Spiros Bousbouras said:
I see now that a negative zero in a file is a realistic possibility.
But if the bits were diddled in a way that would turn a negative zero
to a regular zero wouldn't that violate 7.19.2p3 ? I guess it depends
on what the "shall compare equal" part exactly means. IMO it should
mean equal as bit patterns in which case no bit diddling is allowed.
I think "shall compare equal" refers to the "==" operator.
It doesn't make sense for it to refer to bit-level representations --
nor is it necessary.
In the hypothetical C-like language you're describing, an input
file some of whose bytes contain negative zeros would indeed cause
problems; it wouldn't necessarily be possible to read data from a
binary file and write it out again without losing information.

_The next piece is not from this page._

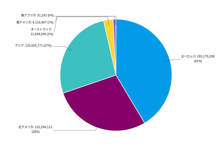 特定の地域の売上が突出している原因を確認するために、対象の地域をクリックしてデータを掘り下げることで、その地域内の国々のパフォーマンスを確認することができます。
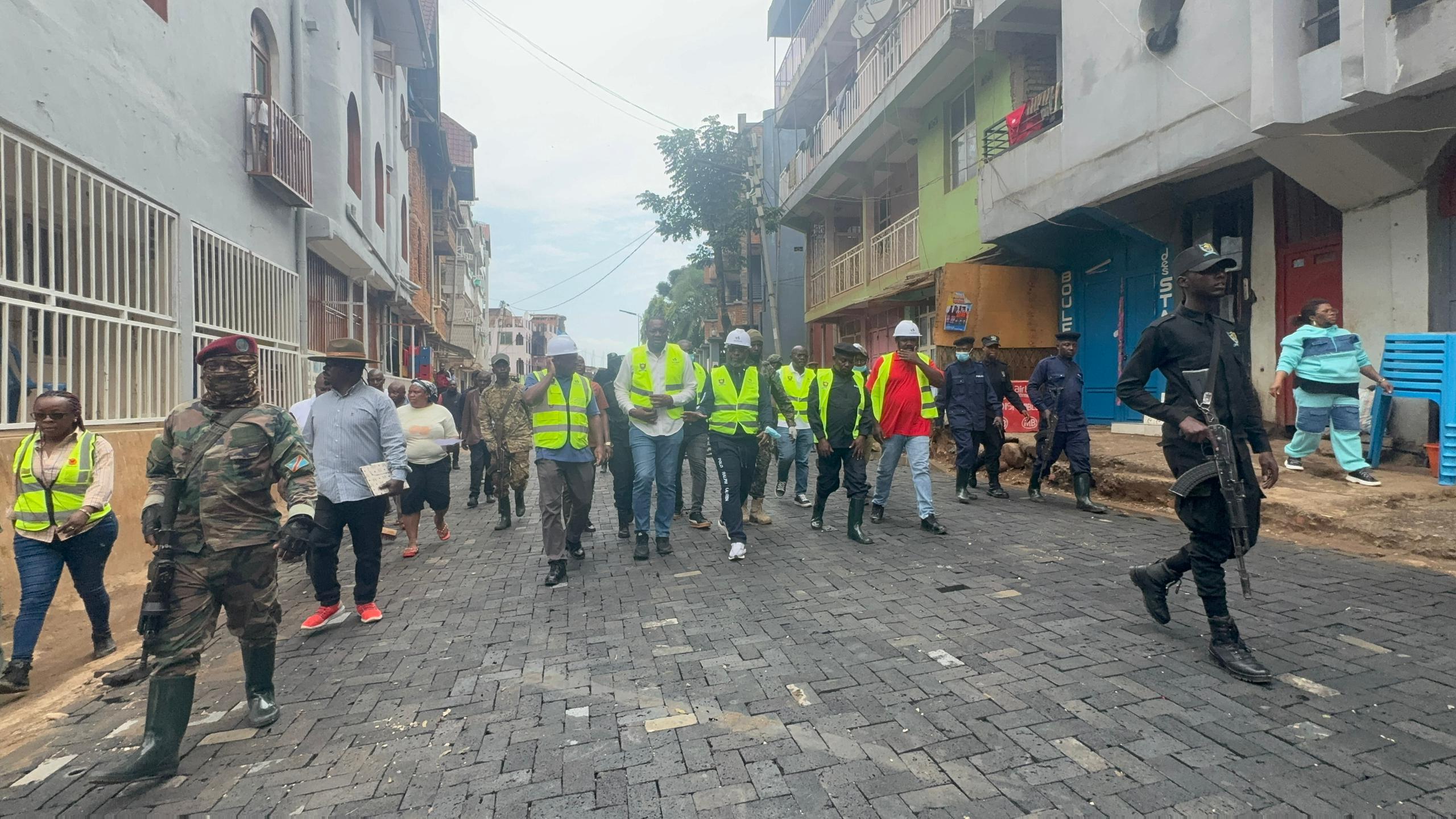 Sous la conduite du Gouverneur Patrick Nshombo Busu Bwangwi, accompagné de Lawrence Kanyuka, chef du département communication de l’AFC/M23, la délégation a parcouru des zones telles que Nguba, Nyawera, la Place de l’Indépendance, la SNCC et Panzi. L’objectif était d’évaluer l’avancement des chantiers et la mobilisation des habitants.

Which is why the standard actually specifies that fgetc() reads
unsigned char values, which have a one-to-one mapping to bit-level
representations. There are no two representations that have the
same value, so the problem you're worried about doesn't arise.

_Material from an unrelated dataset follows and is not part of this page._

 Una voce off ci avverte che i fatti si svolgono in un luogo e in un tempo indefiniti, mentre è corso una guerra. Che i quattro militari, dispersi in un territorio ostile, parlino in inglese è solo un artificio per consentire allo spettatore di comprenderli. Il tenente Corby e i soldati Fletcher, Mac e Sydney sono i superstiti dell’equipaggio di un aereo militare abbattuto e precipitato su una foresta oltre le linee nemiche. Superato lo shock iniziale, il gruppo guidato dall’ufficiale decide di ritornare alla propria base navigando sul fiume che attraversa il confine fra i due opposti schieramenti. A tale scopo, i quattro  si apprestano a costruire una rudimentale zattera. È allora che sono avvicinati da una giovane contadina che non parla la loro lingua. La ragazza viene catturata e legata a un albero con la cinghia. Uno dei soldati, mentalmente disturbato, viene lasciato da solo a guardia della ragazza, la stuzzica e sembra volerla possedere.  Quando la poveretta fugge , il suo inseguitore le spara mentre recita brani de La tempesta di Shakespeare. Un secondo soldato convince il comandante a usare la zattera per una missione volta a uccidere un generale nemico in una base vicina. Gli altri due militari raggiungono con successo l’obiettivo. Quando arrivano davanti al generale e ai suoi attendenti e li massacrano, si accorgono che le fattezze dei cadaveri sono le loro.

Another thing : I don't see why the "as if" rule wouldn't apply
to the specification of fwrite() just as much as it applies to
everything else. Why would the standard force the implementations to
actually repeatedly call fputc() ? Perhaps there is some operating
system specific way to achieve the same result faster without calling
fputc() .Why would the standard forbid that ?
So then this means that the common idiom
int a;
...
while ( (a = fgetc(f)) != EOF ) ...
is actually wrong ! (Unless someone has already checked that
sizeof(int) != 1 but I don't imagine you'll see a lot of code which
does that.) Yikes , I can't believe I've been doing it wrong all
those years. Has anyone seen a book which mentions the issue ?

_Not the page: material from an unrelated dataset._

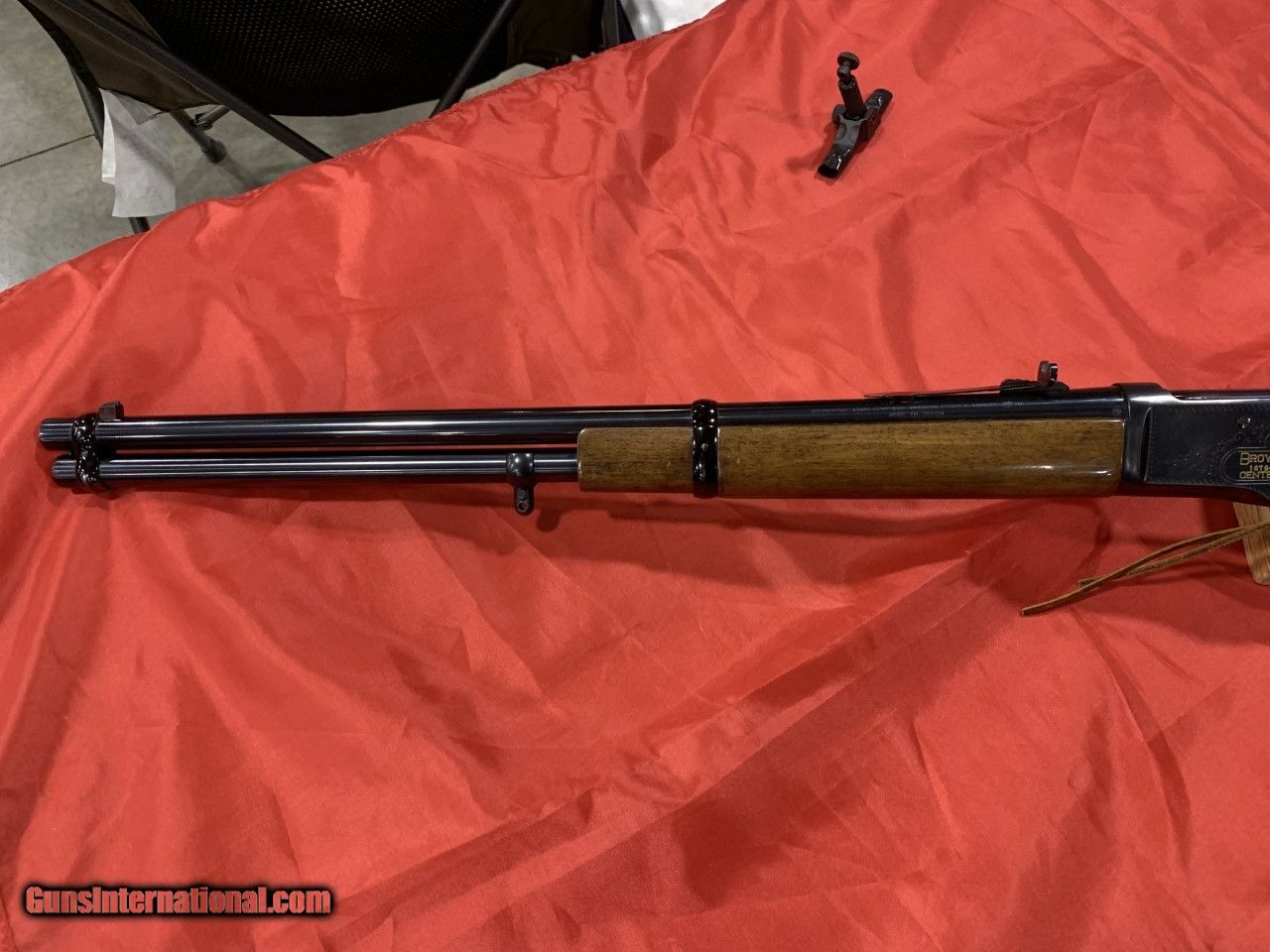 Description: This is a nice gun with gold trigger, gloss finish on the wood and in nearly mint condition. It is a 44 magnum and these Brownings are easily the best made model 1892 you can get.It has sling studs on the magazine and butt. An e3xcetional value at $999.00 SOLD |

Well, I wouldn't say it's wrong; rather, I'd say it's only 99+% portable
rather than 100% portable. It works just fine *unless* sizeof(int) == 1,
which implies CHAR_BIT >= 16.
As far as I know, all existing hosted C implementations have
CHAR_BIT == 8 and sizeof(int) >= 2 (and non-hosted implementations
aren't even required to support stdio).
If I were worried about the possibility, rather than adding calls
to feof() and ferror(), I'd probably add
#if CHAR_BIT != 8
#error "CHAR_BIT != 8"
#endif
And if I ever see that error message, it almost certainly means
that I forgot to add the "#include <limits.h>"
(Actually, checking that sizeof(int) > 1 would be better, since
the usual EOF check works just fine on a system with 16-bit char
and 32-bit int, but that's a little harder to check at compile time.)